* PROMPT:
Transcribe the listing verbatim, please, with images dropped.

* MATERIAL PROVIDED:
Start of Block
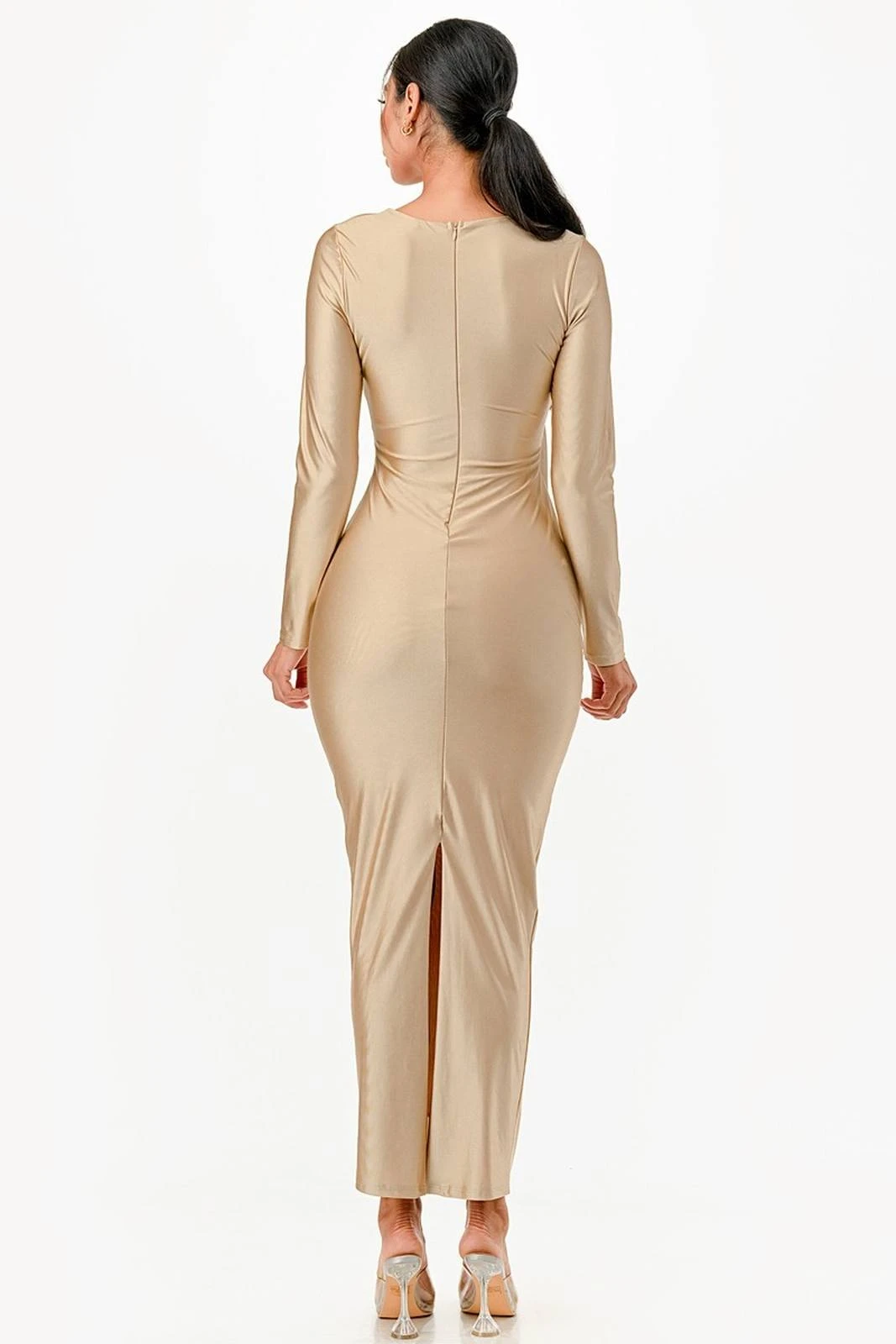 This stunning semi-formal La Scala 26057 maxi dress features shiny tricot material, a fitted silhouette with a V-neckline and long sleeves. It features a back slit add a touch of elegance. Perfect for any special occasion, this dress is sure to catch everyone’s eye.
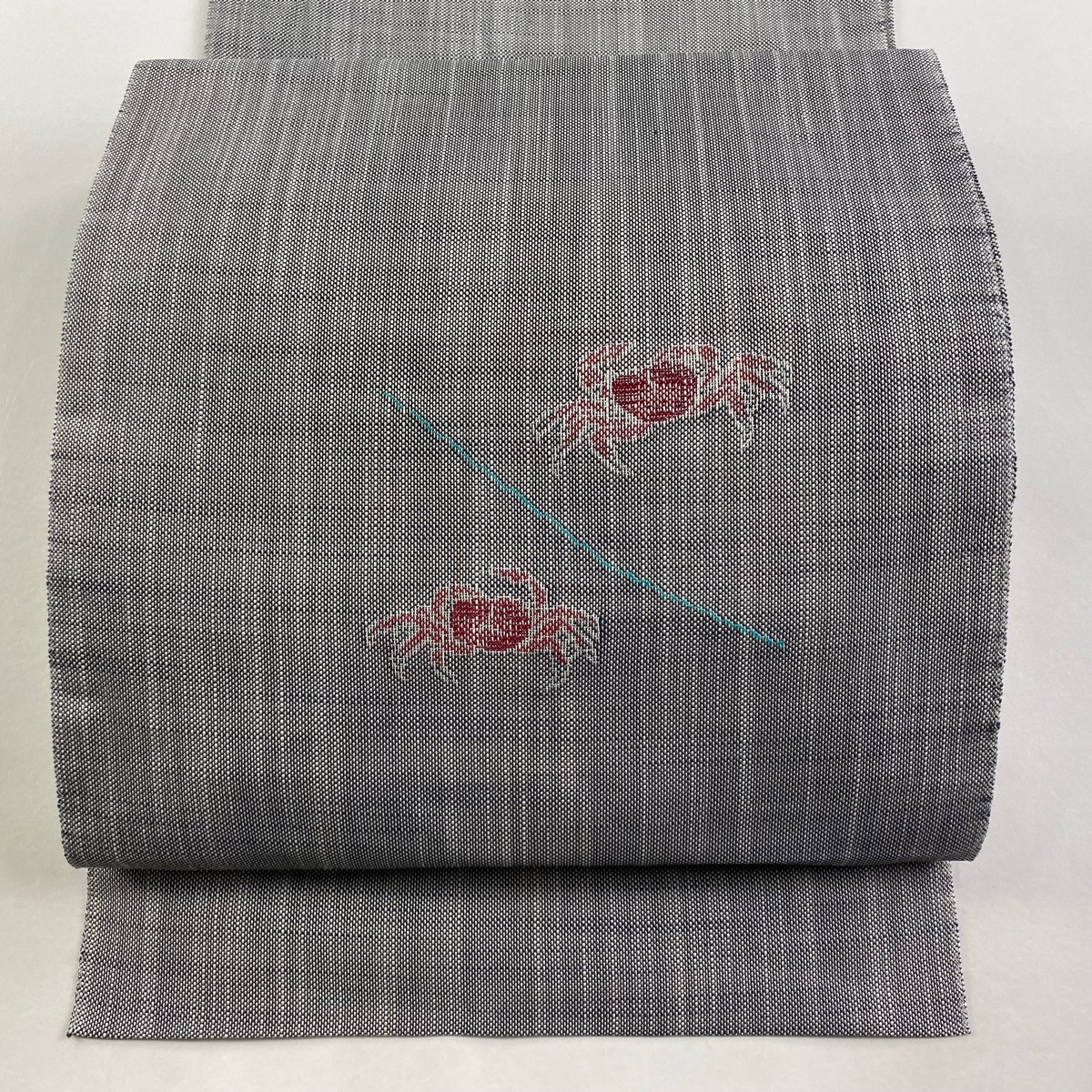 | 名古屋帯 名品 夏帯 松葉仕立て 八寸名古屋帯 カニ 灰色 正絹 【中古】 |
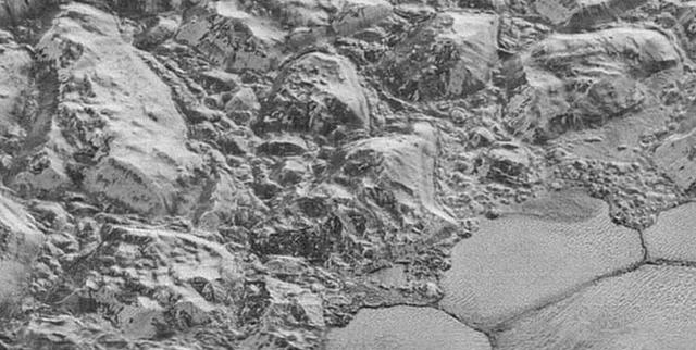 冥王星表面的山地地形是非常复杂的,比地球的山脉更加密集,均匀分布在星球表面的各个角落。
End of Block
* RESPONSE BOX:
 This stunning semi-formal La Scala 26057 maxi dress features shiny tricot material, a fitted silhouette with a V-neckline and long sleeves. It features a back slit add a touch of elegance. Perfect for any special occasion, this dress is sure to catch everyone’s eye.
 | 名古屋帯 名品 夏帯 松葉仕立て 八寸名古屋帯 カニ 灰色 正絹 【中古】 |
 冥王星表面的山地地形是非常复杂的,比地球的山脉更加密集,均匀分布在星球表面的各个角落。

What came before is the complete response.